OKLAHOMA CITY, September 18, 2013 (LifeSiteNews) – Oklahoma Governor Mary Fallin has ordered the National Guard in her state to stop processing spousal benefit requests for homosexual couples, in defiance of a Department of Defense directive expanding military dependent benefits to cover same-sex couples who “marry” in states where it is legal. 

This makes Oklahoma the fourth state to defy the Pentagon’s orders on the same-sex “marriage” issue, after Texas, Mississippi and Louisiana.  All four states have passed laws defining marriage as a union between one man and one woman. 

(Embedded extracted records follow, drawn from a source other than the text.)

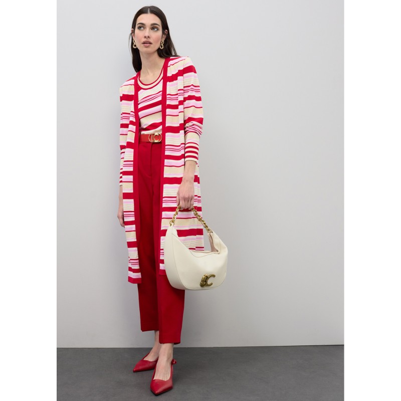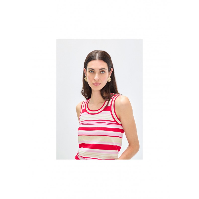 Top sin mangas de punto tricolor, con diseño de rayas en rojo, rosa y beige. Tejido suave y ajustable, perfecto para combinar en looks casuales. Escote redondo y detalles ribeteados en contraste.
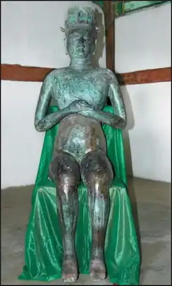 He promoted Buddhism as Goryeo's national religion, and laid claim to the northern parts of the Korean Peninsula and Manchuria, which he considered his rightful legacy as the successor of Goguryeo.[15] According to the Goryeosa, in 918, the ancient capital of Pyongyang had been in ruins for a long time and foreign barbarians were using the surrounding lands as hunting grounds and occasionally raiding the borders of Goryeo; therefore, in his first year as king, Wang Kŏn ordered his subjects to repopulate the ancient capital,[16] and soon sent his cousin Wang Sing-nyŏm to defend it. Afterward, he decreed Pyongyang as the Western Capital.[17] He also sought alliances and cooperation with local clans rather than trying to conquer and bring them under his direct control.
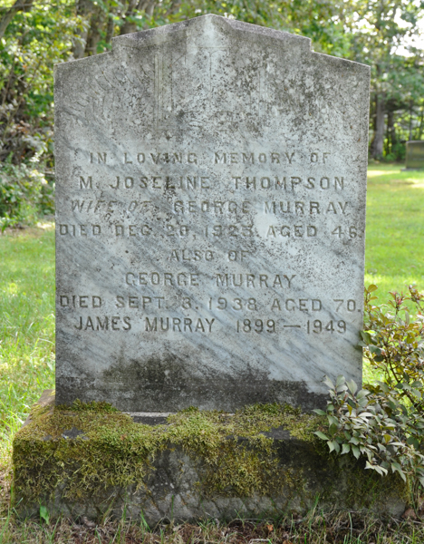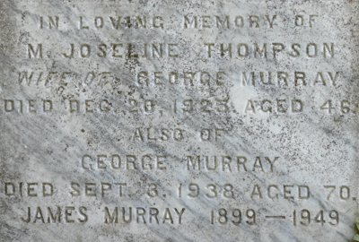 Inscription: In Loving Memory of / M. Joseline Thompson / Wife of / George Murray / Died Dec. 20, 1925, Aged 46 / Also of / George Murray / Died Sept. 3, 1938, Aged 70. / James Murray 1899 - 1949Back: MURRAY / William Murray / 1904 - 1968 / His Wife / Hannah Costain / 1907 - 1989.1  Tombstone, George Murray (1868-1938), his wife Joseline Thompson (1879-1925), their sons James (1899-1949) and William (1904-1968), his wife Hannah Costain (1907-1989). Woodlawn Cemetery, Alberton, Prince County, Prince Edward Island, Canada.  Front inscription detail.  Back inscription detail.
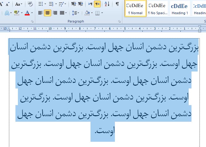 اما روش دیگر: مطلبی را با فونت پیش‌فرض بنویسید. سپس تنظیمات پاراگراف مورد علاقه را بر روی آن اعمال کنید؛ تنظیماتی از قبیل راست‌چین، وسط‌چین و یا تراز از دوطرف، فاصلۀ خطوط پاراگراف، فاصله از پاراگراف قبل و بعد، و نظایر اینها. امیدوارم در جلسات بعد، در صورت پرسش شما، به این تنظیمات نیز بپردازم.
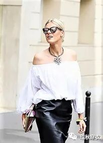我最喜欢的选择是搭配露肩上衣。露肩上衣首先会把人的眼光吸引到你露出的肩膀上。如果你没试过露肩装,相信我,你一定能穿得好看。绝大多数女人(例外的后面讲另选方案)的肩膀都是最容易露得漂亮的部位之一。其次,露肩上衣会在肩膀下方形成“一“字形的平直线条,视觉上让人觉得肩膀是全身最宽的部位,平衡了微胖星人大多担心的胯宽和大腿。下面这几张搭配都可以借鉴。今天专门找的微胖体型美女的街拍。
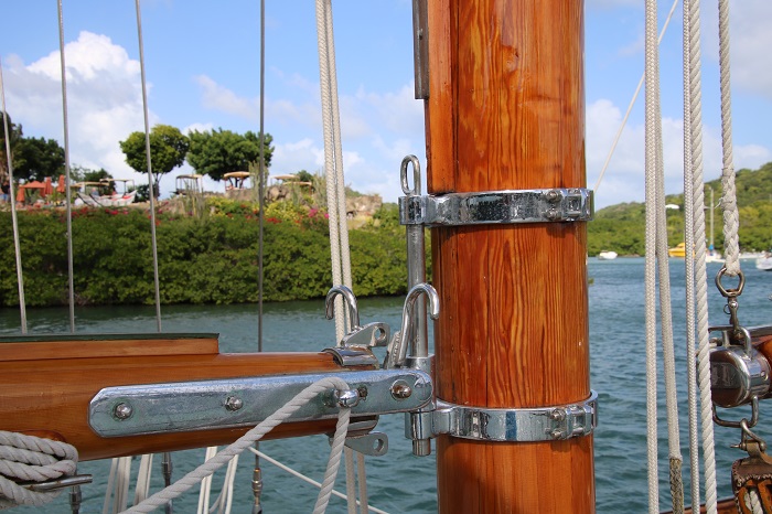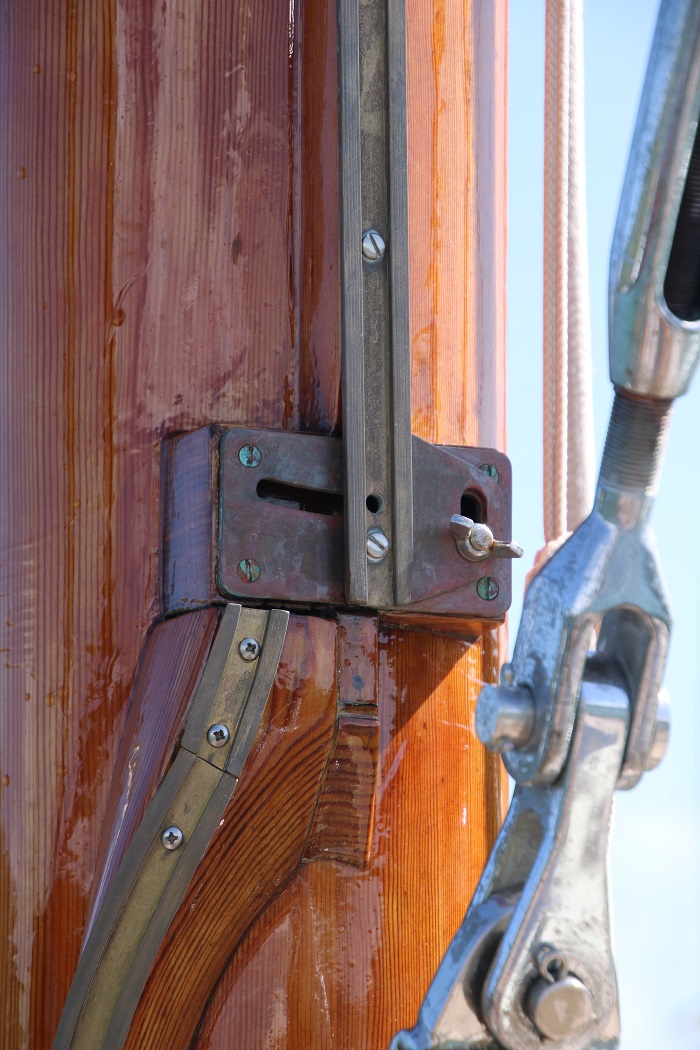 The goose neck, with it’s interesting vertical bar is worth noting. When the sail is hoisted, the boom raises up to the top of the slide.
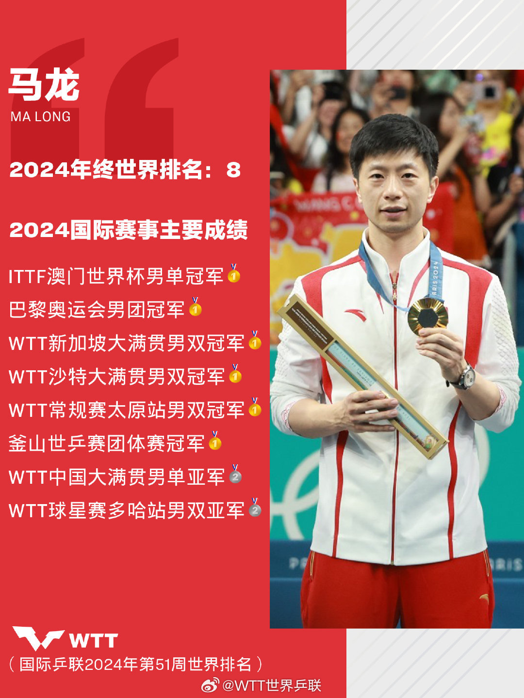 WTT世界乒联发布马龙的年度总结:世界排名:8;年度积分:3250。2024年马龙再次用实力和毅力续写了传奇,愿新的一年,无论在赛场还是生活,都收获满满的幸福与喜悦。
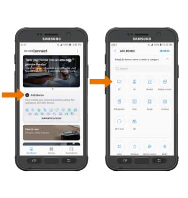 - ADD A DEVICE: From the home screen of the connected device, select the Apps tray. Navigate to and select the Samsung Connect app.
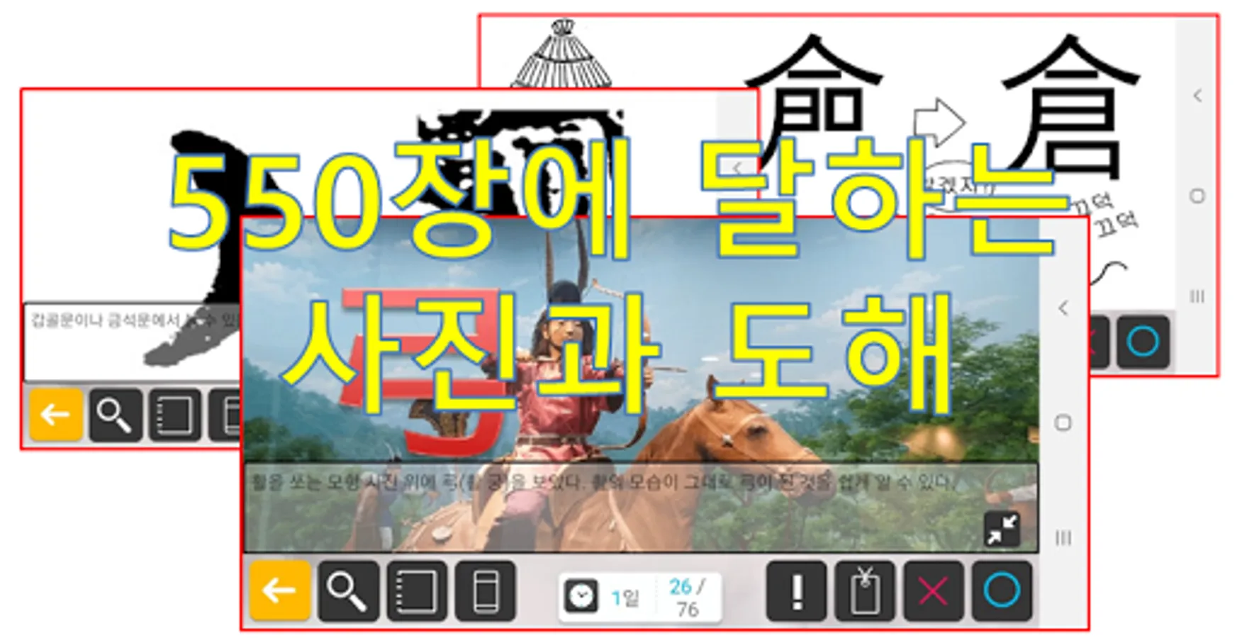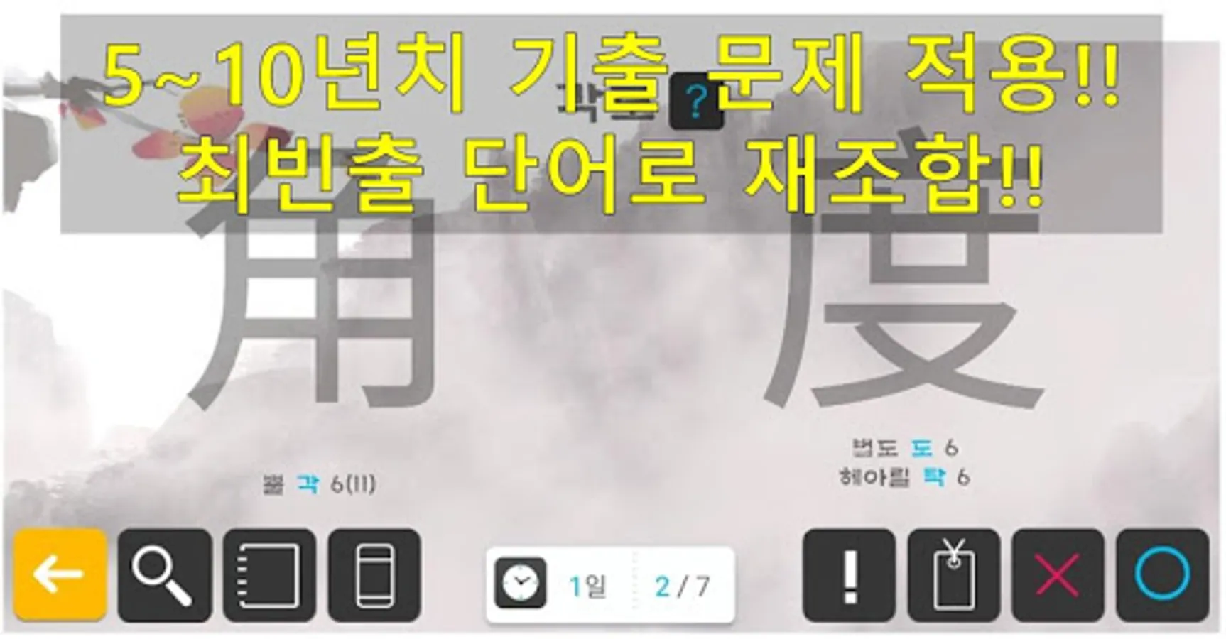- 단어와 사자성어 중심으로 5천개 한자 수록

Same-sex couples in all four states can still apply for military benefits, but they must go to federal installations to do so. 

Fallin spokesman Alex Weintz told The Huffington Post the governor was simply honoring the will of Oklahoma voters, who approved a constitutional amendment banning same-sex ‘marriage’ in 2004.


“Because of that prohibition, Gov. Fallin's general counsel has advised the National Guard not to process requests for benefits of same-sex couples,” Weintz said. “Gay couples that have been legally married in other states will be advised they can apply for those benefits on federal facilities, such as Tinker Air Force Base, rather than state run facilities.”

Click “like” if you support TRADITIONAL marriage.

But homosexual activists, unhappy with this compromise, have demanded quick intervention by the Obama Administration to force dissenting states to recognize gay unions.

“[W]e need immediate and decisive action from the Administration and the Defense Department in affirming that all military spouses, regardless of sexual orientation, will be treated equally,” said Stephen Peters, president of the American Military Partner Association (AMPA), a group that advocates for homosexual couples. “Our military families should not be left vulnerable to the prejudice of state governors, and the Defense Department must use its control of federal funds to stop this discrimination.” 

Michael Boldin, Executive Director of the Tenth Amendment Center, which studies conflicts between the federal government and the states, told LifeSiteNews by email that, at least for now, it seems as if governors who choose to defy the Pentagon based on state law have the constitutional upper hand.

“[T]here's a very important principle known as ‘anti-commandeering,’” Boldin said. “The short version?  It means that the federal government can't force states (including their employees) to carry out federal acts.”

“Congress can ‘nationalize’ the Guard,” said Boldin, “but only SO LONG AS it does so to ‘execute the Laws of the Union, suppress Insurrections and repel Invasions.’ It cannot ‘govern’ the Guard except when ‘employed in the Service of the United States,’ as per the three specific scenarios in Clause 15.”

Boldin added that this issue is a prime example of why his group feels it is important that states consider and pass the Defend the Guard Act, which removes ambiguity by requiring explicit action by Congress in order to nationalize a state’s Guard.

“Since there's no invasion (in the 18th century constitutional sense, that means a military attack), and no insurrection, and Congress hasn't specifically called up the Guard to execute the ‘Laws of the Union,’ all of the state Guard troops should be retained under state control,” Boldin said.

In the meantime, Boldin said if the federal government wants to force states to facilitate benefit acquisition for homosexual couples, they might be able to do it … but legally, they should have to pay for any resources spent on it themselves.

“[The federal government] cannot … require state employees, acting under the purview of powers reserved to the States under the Constitution – to do this for the federal government,” Boldin told LifeSiteNews.  “They also can't require those states to absorb the costs.  Not one penny.”